◆ Available data ◆

===

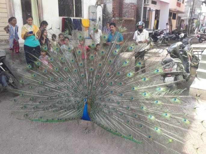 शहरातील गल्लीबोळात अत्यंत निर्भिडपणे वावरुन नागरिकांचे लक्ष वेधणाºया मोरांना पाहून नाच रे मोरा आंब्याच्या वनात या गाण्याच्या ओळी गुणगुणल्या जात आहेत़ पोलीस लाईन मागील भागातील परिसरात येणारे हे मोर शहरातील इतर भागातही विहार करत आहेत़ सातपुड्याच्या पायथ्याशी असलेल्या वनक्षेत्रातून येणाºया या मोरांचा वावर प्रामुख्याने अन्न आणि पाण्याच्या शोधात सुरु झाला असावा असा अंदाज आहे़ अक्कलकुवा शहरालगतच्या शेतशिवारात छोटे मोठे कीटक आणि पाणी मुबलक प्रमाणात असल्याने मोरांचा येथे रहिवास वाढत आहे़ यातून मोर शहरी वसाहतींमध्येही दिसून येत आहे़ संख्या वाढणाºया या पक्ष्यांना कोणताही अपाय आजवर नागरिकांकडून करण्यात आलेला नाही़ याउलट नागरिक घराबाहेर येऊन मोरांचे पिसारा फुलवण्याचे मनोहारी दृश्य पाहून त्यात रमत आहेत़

===

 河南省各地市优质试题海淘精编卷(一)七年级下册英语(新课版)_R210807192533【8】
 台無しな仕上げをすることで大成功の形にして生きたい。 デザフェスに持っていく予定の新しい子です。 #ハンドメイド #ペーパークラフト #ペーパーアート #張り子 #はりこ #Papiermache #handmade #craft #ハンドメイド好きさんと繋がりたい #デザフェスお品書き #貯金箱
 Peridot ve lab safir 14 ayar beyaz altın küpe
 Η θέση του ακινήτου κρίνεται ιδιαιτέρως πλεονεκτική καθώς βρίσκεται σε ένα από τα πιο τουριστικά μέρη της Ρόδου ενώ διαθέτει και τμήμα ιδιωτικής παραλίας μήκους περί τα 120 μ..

===

◆ What the task requires ◆
From the data above, return every line from the line that has "河南省各地市优质试题海淘精编" up to and including the line that has "Η θέση του ακινήτου", exactly.

◆ Response ◆
 河南省各地市优质试题海淘精编卷(一)七年级下册英语(新课版)_R210807192533【8】
 台無しな仕上げをすることで大成功の形にして生きたい。 デザフェスに持っていく予定の新しい子です。 #ハンドメイド #ペーパークラフト #ペーパーアート #張り子 #はりこ #Papiermache #handmade #craft #ハンドメイド好きさんと繋がりたい #デザフェスお品書き #貯金箱
 Peridot ve lab safir 14 ayar beyaz altın küpe
 Η θέση του ακινήτου κρίνεται ιδιαιτέρως πλεονεκτική καθώς βρίσκεται σε ένα από τα πιο τουριστικά μέρη της Ρόδου ενώ διαθέτει και τμήμα ιδιωτικής παραλίας μήκους περί τα 120 μ..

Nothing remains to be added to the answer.